There is a clear continuity between the Rousseauian idea of legislative power as being necessarily indivisible, and the contemporary doctrine of universalism with its rejection of identitarian classifications and distinctions. Although Rousseau’s principle of sovereign indivisibility operates at a more abstract level than Hobbes’ conception, it has important implications for the form and concept of legislation. Since the general will is effectuated through legislation, laws must be general in their object and application. The general will, Rousseau insists, cannot speak ‘to some particular and determinate object’, or ‘pronounce on a man or a fact.’Footnote 77 Thus when the ‘whole people’ legislates in relation to the ‘whole people’, ‘it is considering only itself’; then, the law ‘considers subjects en masse and actions in the abstract, and never a particular person or action’;Footnote 78 ‘true’ legislation ‘unites universality of will with universality of object’.Footnote 79 Crucially, while legislation can only make general classifications, Rousseau also suggests limits on the types of classifications that can legitimately be enacted. He says:
The social pact establishes equality among the citizens in that they all bind themselves under the same conditions and must all enjoy the same rights.
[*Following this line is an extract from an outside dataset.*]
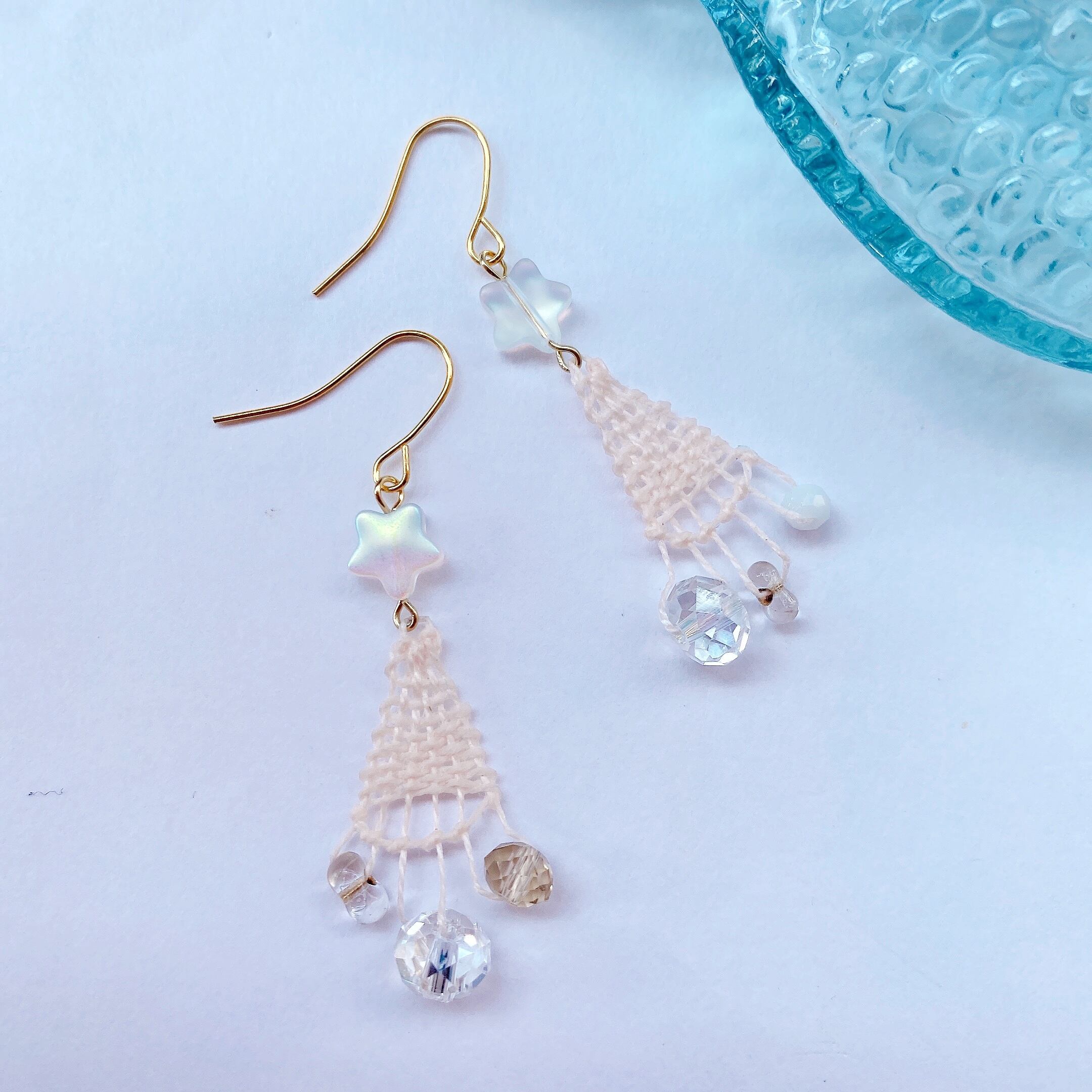 真っ白な糸と透明ビーズ達を合わせ、キラッと輝くガラス星をトップにつけました。

Hence … the sovereign recognises only the whole body of the nation and makes no distinction between any of the members who compose it.Footnote 80
Therefore, just as political freedom requires citizens to form an indivisible sovereign corpus and to be ruled under a single sovereign will, equally it requires that they be subject to a single, generally applicable set of laws that observe no classifications or distinctions within the sovereign people. In turn, this elucidates the link between the singularity and indivisibility of sovereign power in Rousseau’s theory, and the anti-differentialist universalism of post-revolutionary French-republican thought. Just as political freedom requires that citizens live under the same sovereign will, legislation, as the expression of that will, cannot divide the citizenry in categories or ranks. In a sense then, Rousseau’s theory of political freedom maps directly to a formalist concept of egalitarianism understood as anti-differentialism. In turn, it is possible to identify a continuity between Rousseau’s republican theory of sovereignty and the anti-differentialist, anti-communalist focus of the indivisibility principle in French constitutional doctrine.
Accordingly, while the first generation of republicans were prepared to concede some degree of local autonomy as circumstances allowed, they interpreted sovereign indivisibility only as requiring the unity of legislative power and not as demanding an undivided government in all dimensions and competences.Footnote 81 This explains in part why, although many of the revolutionary generation tolerated some degree of administrative decentralisation or local autonomy, virtually none contemplated federalism: it was opposed primarily as an instance of legislative pluralism, which undermined their abstract, unitary understanding of citizenship.Footnote 82 This aversion to legislative pluralism was espoused not only by Rousseau and the Jacobin strand he influenced, but also by liberal Enlightenment thinkers who similarly associated legal pluralism with the feudalism and privileges of the ancien régime. Voltaire, for example – in many respects, Rousseau’s liberal nemesis – opined: ‘what kind of barbarism is it that citizens must live under different laws?’.Footnote 83 Thus, legislative centralism and uniformity were considered as the counterfoil of hereditary and local privileges. This idealism was given its most celebrated expression in the Civil Code of 1804, which successfully displaced the hodgepodge of feudal, customary and locally differentiated pre-revolutionary laws.Footnote 84 And this idea is reflected, today, in the fact that the residual core of the indivisibility doctrine consists of a strict principle of formal, anti-differentialist equality.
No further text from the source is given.